### DATASET EXCERPT
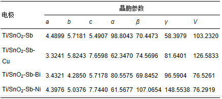 通過XRD分析軟件(X′Pert highscore plus)對數(shù)據(jù)進(jìn)行分析(晉勇等,2008)得到各電極的晶胞參數(shù)見表 1,分析表中數(shù)據(jù)發(fā)現(xiàn),對Ti/SnO2-Sb電極進(jìn)行金屬摻雜改性后,晶胞參數(shù)發(fā)生改變,主要體現(xiàn)在晶胞體積的增大或減小,這是由于各金屬離子成鍵半徑不同,當(dāng)金屬離子以固溶或者類質(zhì)同相的形式取代Sn4+進(jìn)入SnO2晶格內(nèi)部,必然引起金屬氧鍵的鍵長發(fā)生變化,從而造成晶胞參數(shù)的改變.XRD圖譜和晶胞參數(shù)等數(shù)據(jù)表明,通過金屬摻雜改性使金屬離子進(jìn)入到SnO2晶格中,其中,Cu和Ni以其p型半導(dǎo)體的性質(zhì)形成了空穴點位(劉淼等,2013),使電極表面形成較為密集的蜂窩狀,微觀結(jié)構(gòu)(圖 1)中也觀察到電極無裂縫且蜂窩狀結(jié)構(gòu)分布均勻,這樣的結(jié)構(gòu)可以增加電極的活性點位而提高電催化性能;而Bi則為n型半導(dǎo)體,與SnO2有著相似的性質(zhì),進(jìn)入SnO2晶格后主要通過增加自由電子的濃度來達(dá)到增強(qiáng)導(dǎo)電能力的效果.
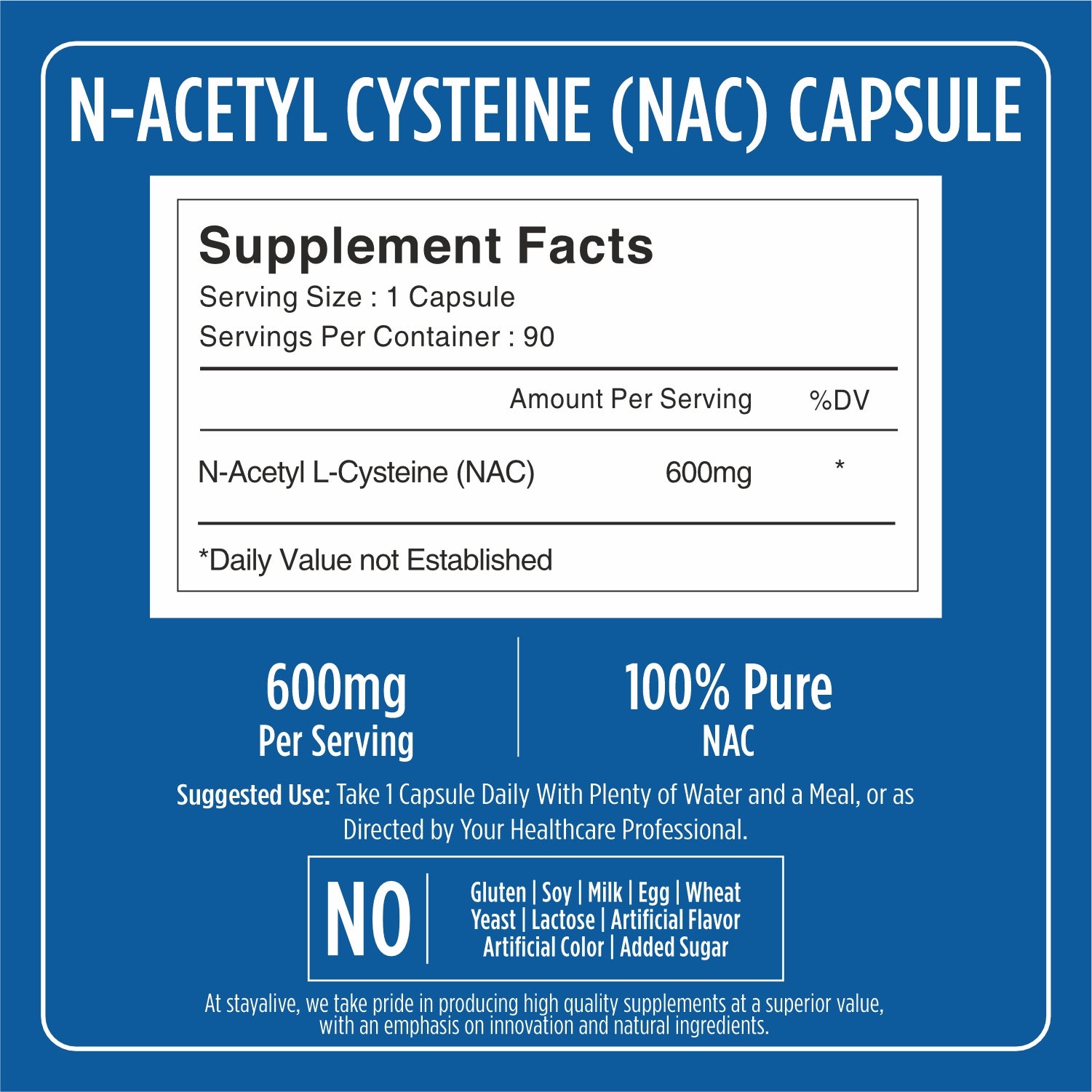 StayAlive N-Acetyl L-Cysteine (NAC) Capsules deliver a high-potency dose of 600mg per serving to provide advanced antioxidant support and liver detox. As a precursor to glutathione, this pure NAC supplement helps neutralize free radicals and promotes respiratory health. Expertly formulated for cellular protection and immune system support, these capsules offer a clinically-backed solution for metabolic wellness and overall vitality.
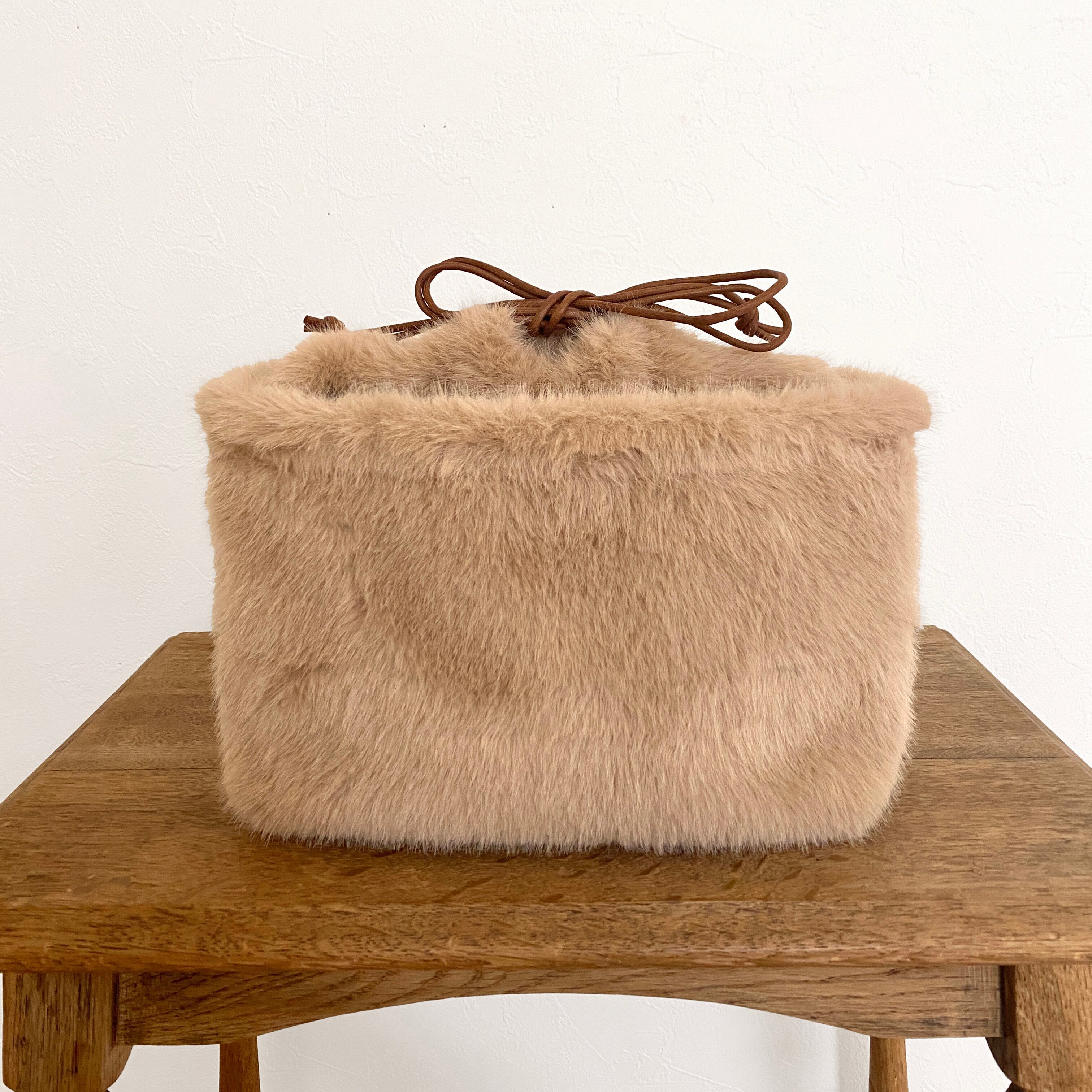 ほかほかのファー生地でしっかり仕立てた巾着をすっぽり入れており、たくさんものを入れて絞っても可愛いシルエットになるようにデザインしています。

### TASK INSTRUCTIONS
"StayAlive N-Acetyl L-Cysteine" marks the first line to be returned; return exactly that line and every line after it through the last line of the listing, omitting pictures.

### RESPONSE AREA
 StayAlive N-Acetyl L-Cysteine (NAC) Capsules deliver a high-potency dose of 600mg per serving to provide advanced antioxidant support and liver detox. As a precursor to glutathione, this pure NAC supplement helps neutralize free radicals and promotes respiratory health. Expertly formulated for cellular protection and immune system support, these capsules offer a clinically-backed solution for metabolic wellness and overall vitality.
 ほかほかのファー生地でしっかり仕立てた巾着をすっぽり入れており、たくさんものを入れて絞っても可愛いシルエットになるようにデザインしています。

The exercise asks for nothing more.